Data shown:
»»
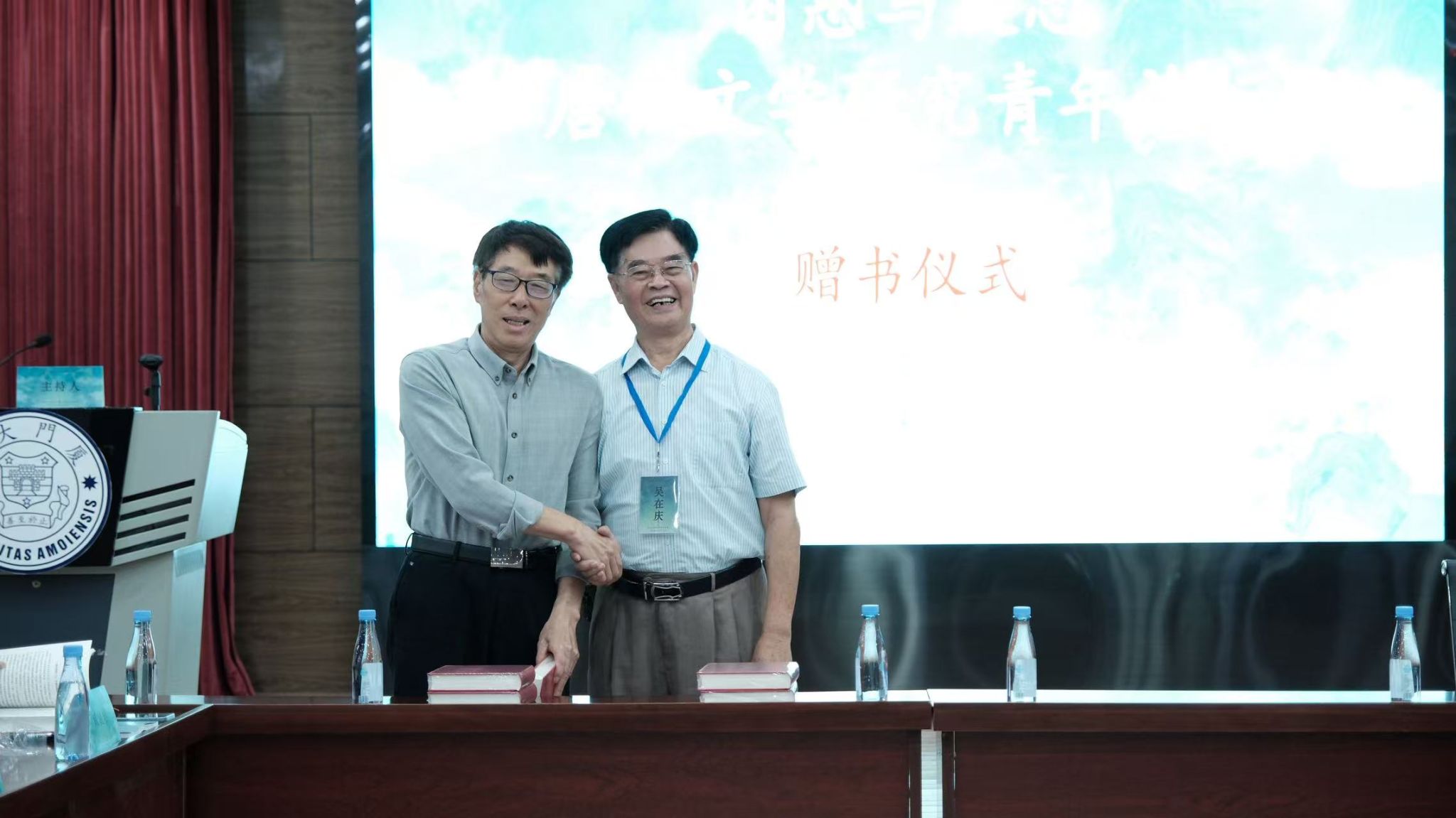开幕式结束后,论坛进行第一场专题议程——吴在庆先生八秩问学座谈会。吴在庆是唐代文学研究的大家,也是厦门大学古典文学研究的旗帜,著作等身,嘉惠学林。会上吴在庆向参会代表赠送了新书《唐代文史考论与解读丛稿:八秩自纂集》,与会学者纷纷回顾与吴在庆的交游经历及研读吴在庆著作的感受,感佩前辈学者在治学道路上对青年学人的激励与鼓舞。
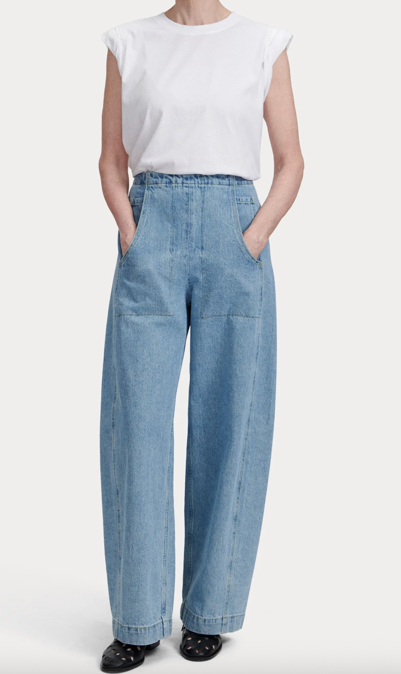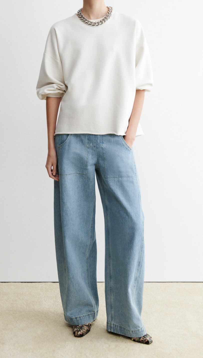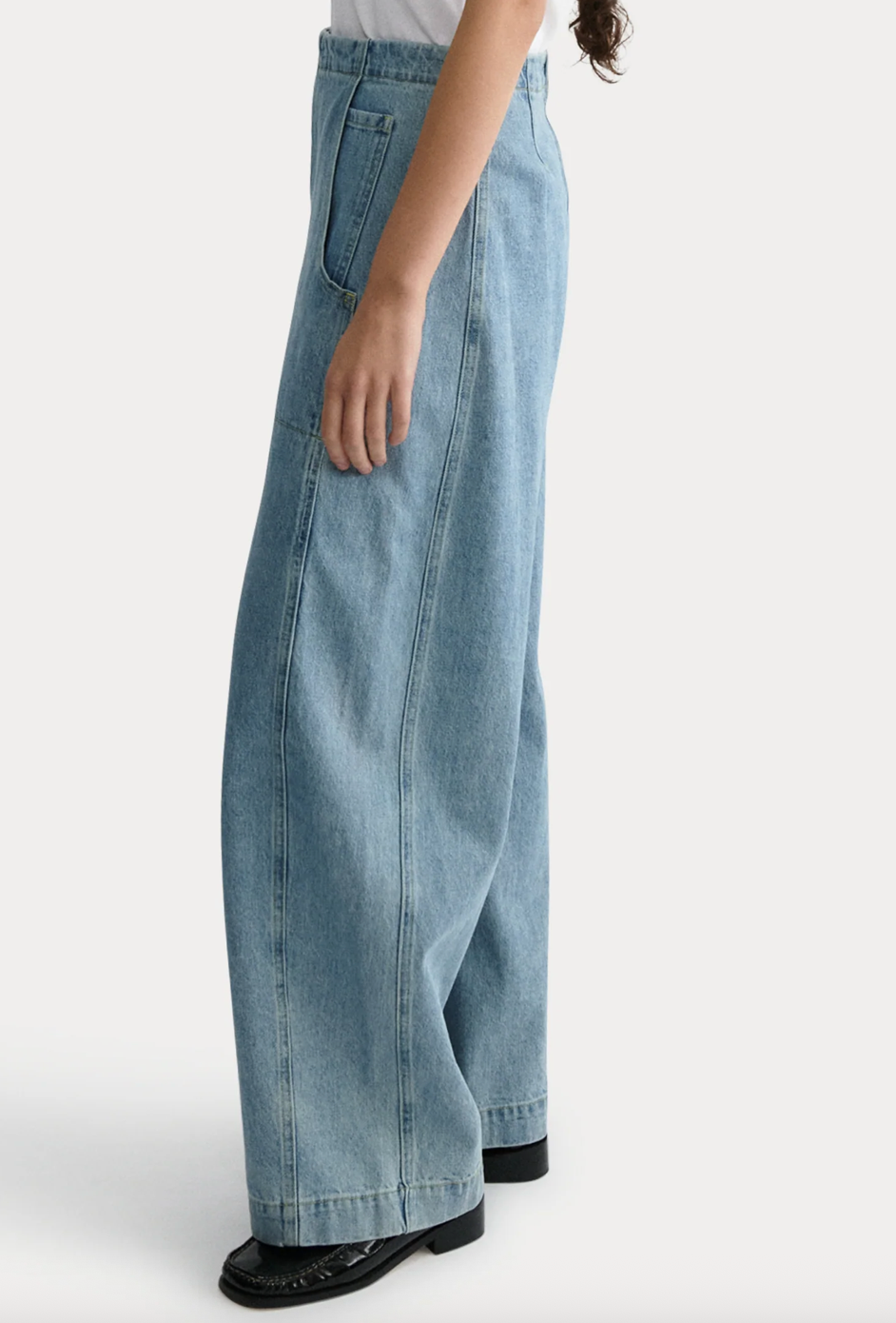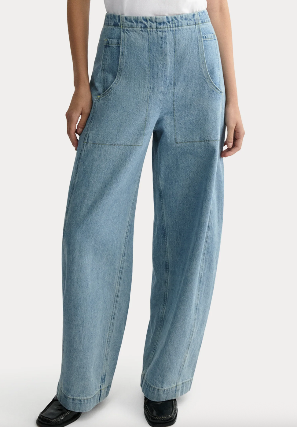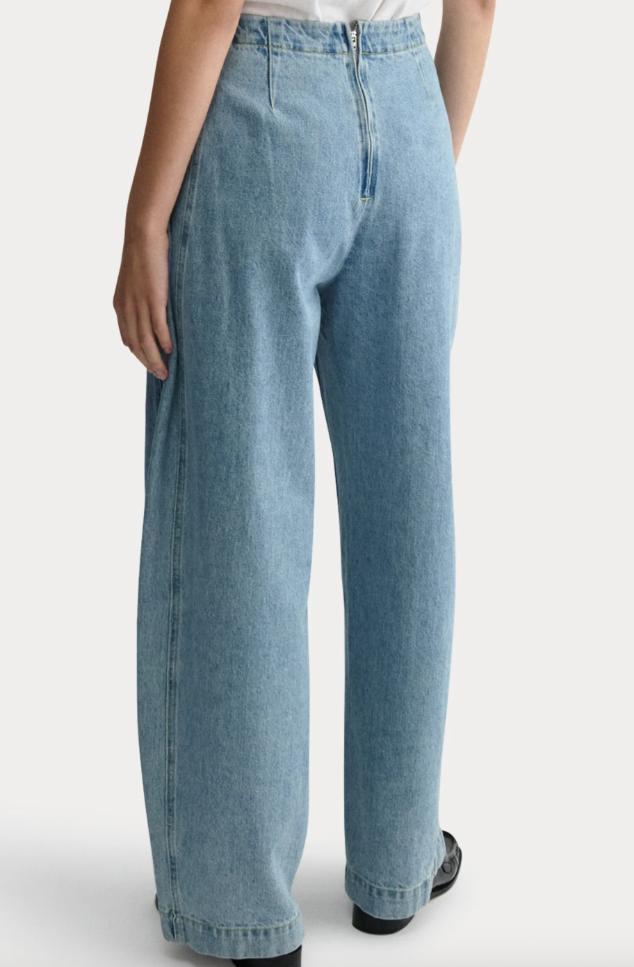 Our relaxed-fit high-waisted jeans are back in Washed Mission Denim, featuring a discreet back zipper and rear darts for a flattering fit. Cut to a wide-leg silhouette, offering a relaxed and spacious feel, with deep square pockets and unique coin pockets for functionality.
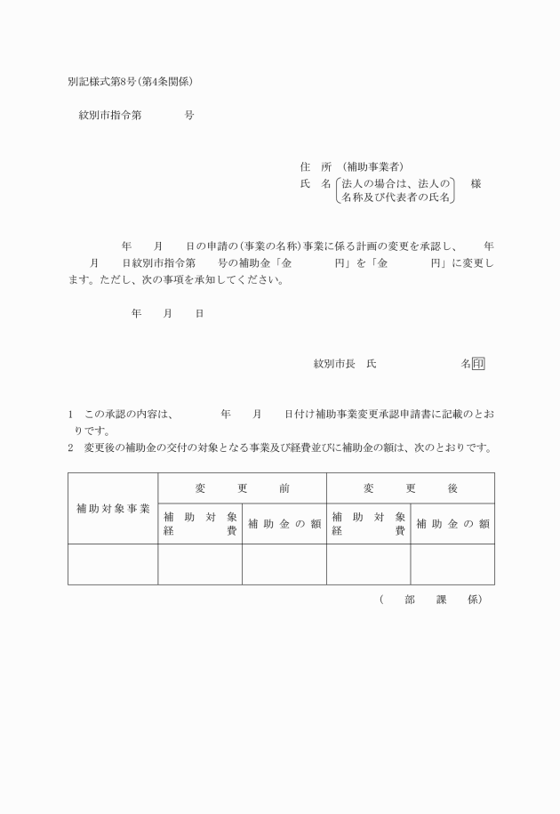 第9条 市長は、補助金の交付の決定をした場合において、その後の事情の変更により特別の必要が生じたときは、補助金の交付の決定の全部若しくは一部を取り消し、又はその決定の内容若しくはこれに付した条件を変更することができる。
««
Assigned task: Please provide a faithful transcription of all the data, pictures excluded.

Written reply:
开幕式结束后,论坛进行第一场专题议程——吴在庆先生八秩问学座谈会。吴在庆是唐代文学研究的大家,也是厦门大学古典文学研究的旗帜,著作等身,嘉惠学林。会上吴在庆向参会代表赠送了新书《唐代文史考论与解读丛稿:八秩自纂集》,与会学者纷纷回顾与吴在庆的交游经历及研读吴在庆著作的感受,感佩前辈学者在治学道路上对青年学人的激励与鼓舞。
 Our relaxed-fit high-waisted jeans are back in Washed Mission Denim, featuring a discreet back zipper and rear darts for a flattering fit. Cut to a wide-leg silhouette, offering a relaxed and spacious feel, with deep square pockets and unique coin pockets for functionality.
 第9条 市長は、補助金の交付の決定をした場合において、その後の事情の変更により特別の必要が生じたときは、補助金の交付の決定の全部若しくは一部を取り消し、又はその決定の内容若しくはこれに付した条件を変更することができる。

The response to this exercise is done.